I am trying to approximately match 600,000 individuals names (Full name) to another database that has over 87 millions observations (Full name) !
My first attempt with fuzzywuzzy library was way too slow, so I decided to use the module fuzzyset which is much faster. Assuming I have a computer powerful enough to load all the dataset in memory, I am doing the following with a test file of 964 observations to be matched against 50,000 observations:
import time
from cfuzzyset import cFuzzySet as FuzzySet
df1=pd.read_csv(file1,delimiter='|') # test file with 964 observations
df2=pd.read_csv(file2,delimiter='|') # test file with 50,000 observations to be matched against
a=FuzzySet() # allocate the FuzzySet object
for row in file2['name']:
a.add(str(row)) # Fill the FuzzySet object with all names from file2
start_time = time.time() # Start recording the time
dicto={'index':[],'name':[]} # Dictionary where I store the output
for names in file1['f_ofulln']:
dicto['index'].append(a.get(names)[0][0])
dicto['name'].append(a.get(names)[0][1])
print("--- %s seconds ---" % (time.time() - start_time))
>>> --- 39.68284249305725 seconds ---
With a much smaller dataset (964 observations matched against 50,000 observations), the time was 39 sec.

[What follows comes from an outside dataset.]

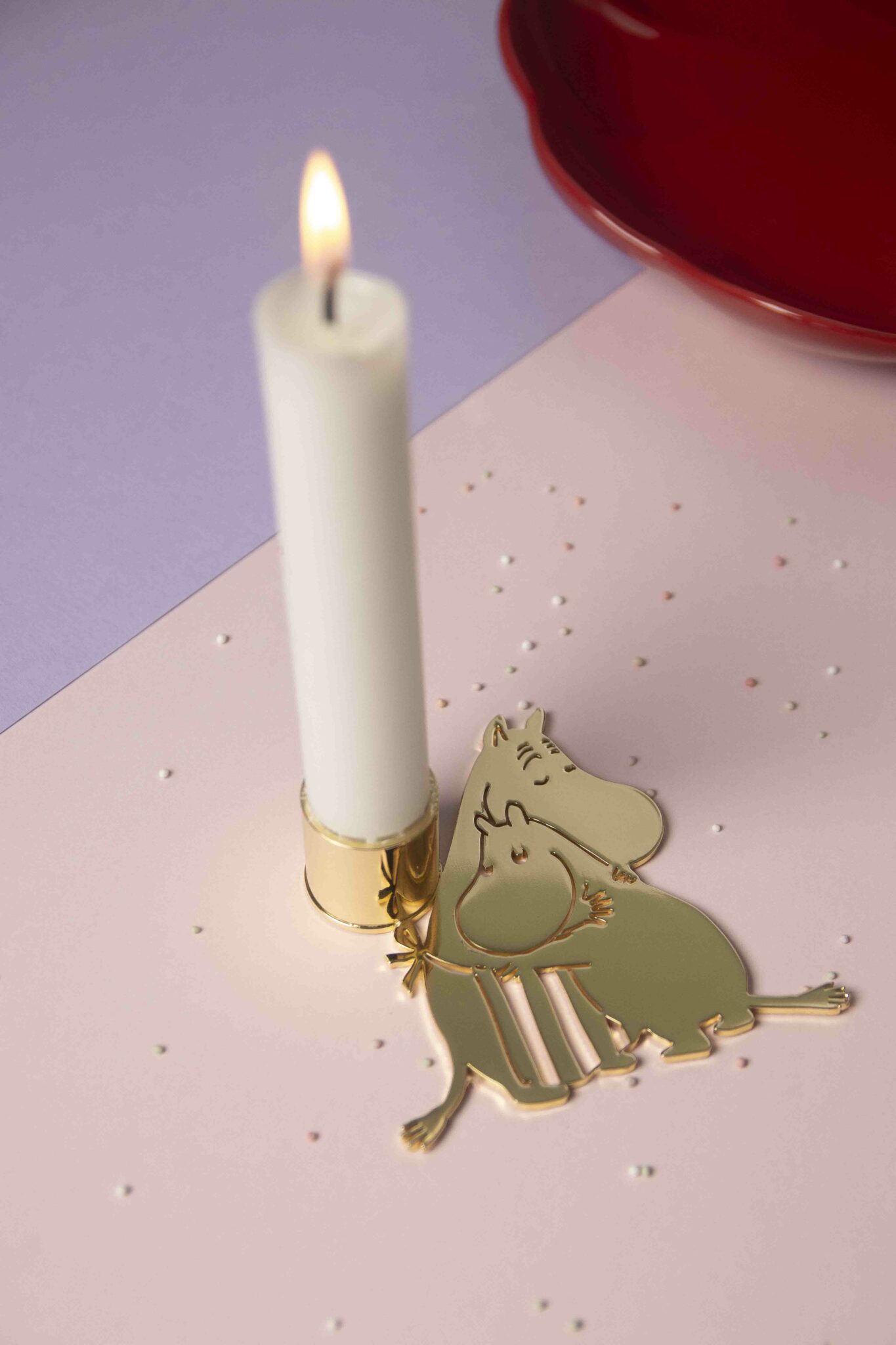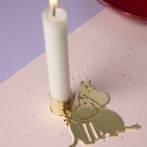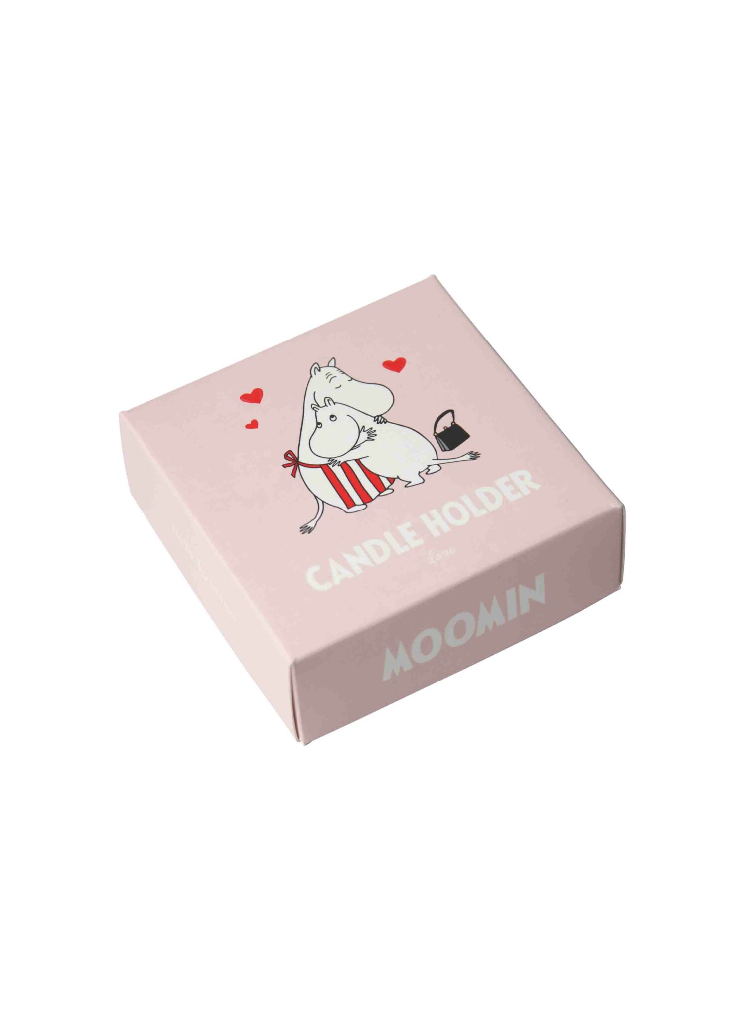 Underbart söt ljusstake med plats för ett ljus, motiv med Muminmamman och Mumintrollet som kramas. Dekorativ detalj och kärleksfull gåva till någon du tycker om. Du köper ljusstaken en och en.

However, this is too slow if I want to perform this method on the full dataset.
Does anyone has an idea of how to improve the run time ? I think that Cython is not a possibility since I am already importing the Cython version of fuzzyset module
Many thanks,
Adrien
dedupehas some implementation of blocking technique. However, I'm not sure if it's going to scale to dataset that you have. Another possibility is to drop_duplicate names in both sets that you have before you perform fuzzy matching. (sorry for my vague answer...)